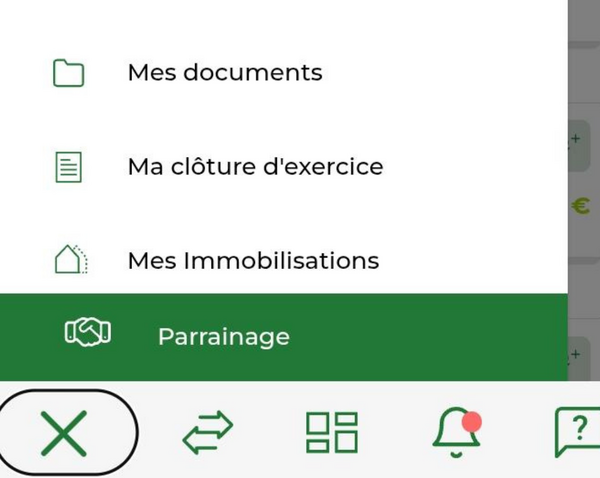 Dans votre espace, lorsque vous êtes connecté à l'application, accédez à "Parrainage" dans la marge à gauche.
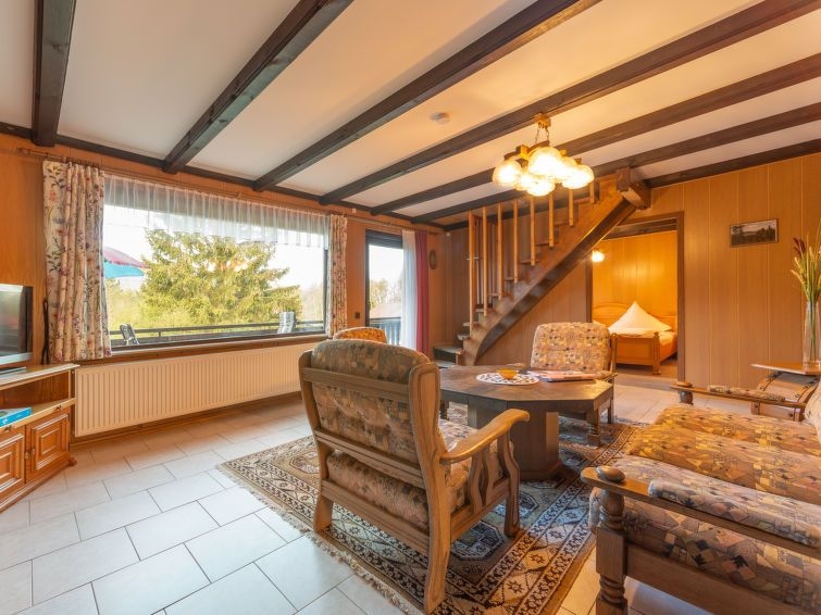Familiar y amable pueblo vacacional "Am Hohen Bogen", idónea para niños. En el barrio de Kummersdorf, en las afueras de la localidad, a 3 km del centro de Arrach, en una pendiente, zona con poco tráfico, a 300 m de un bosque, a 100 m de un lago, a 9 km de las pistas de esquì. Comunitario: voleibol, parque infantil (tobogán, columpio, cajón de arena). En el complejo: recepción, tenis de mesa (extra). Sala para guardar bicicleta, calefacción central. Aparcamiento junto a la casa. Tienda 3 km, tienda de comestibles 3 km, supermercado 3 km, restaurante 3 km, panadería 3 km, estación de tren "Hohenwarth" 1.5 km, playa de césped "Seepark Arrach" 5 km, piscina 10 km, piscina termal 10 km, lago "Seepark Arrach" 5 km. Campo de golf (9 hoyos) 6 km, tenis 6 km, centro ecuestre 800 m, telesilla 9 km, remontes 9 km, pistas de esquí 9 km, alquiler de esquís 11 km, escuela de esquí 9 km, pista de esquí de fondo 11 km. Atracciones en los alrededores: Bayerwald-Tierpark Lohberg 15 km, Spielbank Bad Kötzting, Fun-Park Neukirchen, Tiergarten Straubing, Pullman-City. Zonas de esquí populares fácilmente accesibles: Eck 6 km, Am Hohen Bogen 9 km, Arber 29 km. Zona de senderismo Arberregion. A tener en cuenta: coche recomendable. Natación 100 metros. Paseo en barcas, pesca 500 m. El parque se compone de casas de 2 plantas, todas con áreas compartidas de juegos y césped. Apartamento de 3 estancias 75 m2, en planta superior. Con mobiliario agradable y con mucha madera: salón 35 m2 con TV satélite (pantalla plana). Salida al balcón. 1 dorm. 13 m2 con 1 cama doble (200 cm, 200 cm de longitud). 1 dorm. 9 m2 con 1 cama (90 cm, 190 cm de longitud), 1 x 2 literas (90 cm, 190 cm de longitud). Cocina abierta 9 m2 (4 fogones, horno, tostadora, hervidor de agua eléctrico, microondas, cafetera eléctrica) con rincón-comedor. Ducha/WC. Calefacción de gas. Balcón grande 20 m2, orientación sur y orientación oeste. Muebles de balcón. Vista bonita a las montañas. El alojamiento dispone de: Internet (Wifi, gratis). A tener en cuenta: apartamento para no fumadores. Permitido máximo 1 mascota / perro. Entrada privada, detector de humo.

--

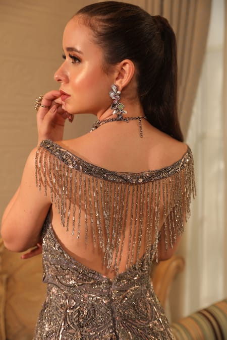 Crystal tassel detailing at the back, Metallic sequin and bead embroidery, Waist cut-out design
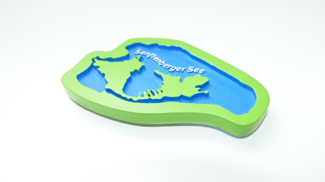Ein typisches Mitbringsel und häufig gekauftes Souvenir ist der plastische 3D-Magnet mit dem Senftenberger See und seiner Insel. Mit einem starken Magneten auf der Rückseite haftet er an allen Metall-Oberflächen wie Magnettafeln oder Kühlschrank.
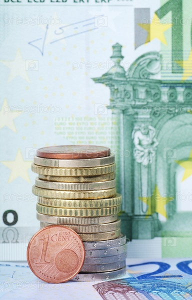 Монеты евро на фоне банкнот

— TASK TO CARRY OUT —
Would you transcribe the lines above exactly, going from the line bearing "Crystal tassel detailing" through the line bearing "Монеты евро на фоне банкнот", and drop the pictures from the copy?

— ANSWER BELOW —
 Crystal tassel detailing at the back, Metallic sequin and bead embroidery, Waist cut-out design
Ein typisches Mitbringsel und häufig gekauftes Souvenir ist der plastische 3D-Magnet mit dem Senftenberger See und seiner Insel. Mit einem starken Magneten auf der Rückseite haftet er an allen Metall-Oberflächen wie Magnettafeln oder Kühlschrank.
 Монеты евро на фоне банкнот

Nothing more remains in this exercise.